E ora, grazie a una presentazione a porte chiuse a cui abbiamo potuto assistere e che si è tenuta su Discord con presenti il Lead Gameplay Designer Sergey Mohov e l'onnipresente Creative Director del franchise, Mikael Kasurinen, abbiamo potuto analizzare a fondo una versione alpha del gioco e capire qualcosa di più su questo atteso e discusso sequel. L'obiettivo di Remedy in questa specifica occasione era principalmente uno: dimostrarci innanzitutto con i fatti perché il nuovo capitolo merita di essere considerato e definito un Action RPG a tutti gli effetti.
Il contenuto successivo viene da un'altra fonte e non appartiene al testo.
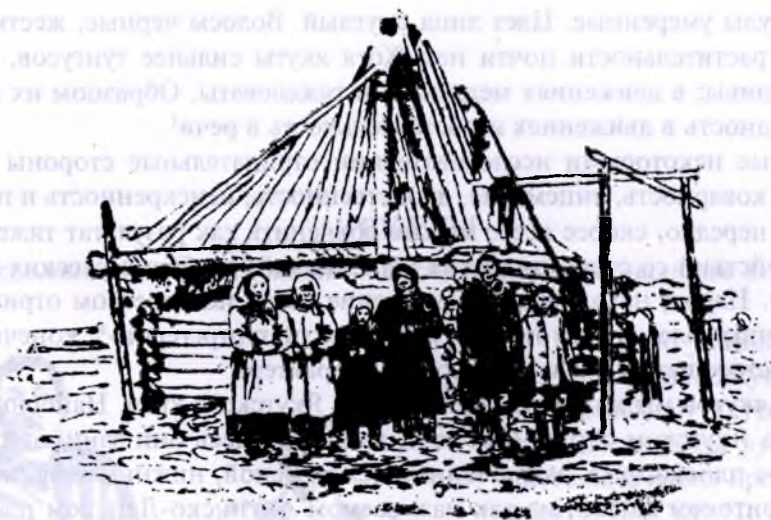
Якуты Колымского округа

встречаем в самом крайнем северо-восточном округе — Колымском. По р. Колыме якутские поселения идут немного южнее В.-Колымска, на севере же поднимаются по рр. Колыме и Алазее почти до границ лесов. Большая часть якутского населения расположилась на западном от р. Колымы плоскогорье.

Prima di addentrarci nei meandri del gameplay, dobbiamo fare una premessa: Jesse Faden, la protagonista del primo Control, non sarà un personaggio giocabile. L'attuale Direttrice del Federal Bureau of Control avrà un ruolo cruciale e di grande rilievo nella storia di questo sequel, ma Resonant è e resterà soprattutto l'esperienza di Dylan e l'obiettivo del team è fermare sul nascere qualsiasi speculazione nata su internet.

Tra l'altro questo nuovo progetto non richiederà in alcun modo di aver giocato il prequel o gli Alan Wake per essere goduto fino in fondo, ma è chiaro che ci saranno enormi soddisfazioni per tutti i fan sfegatati e storici del Remedyverse che non si perdono neanche un easter egg nei numerosi lavori della software house finlandese.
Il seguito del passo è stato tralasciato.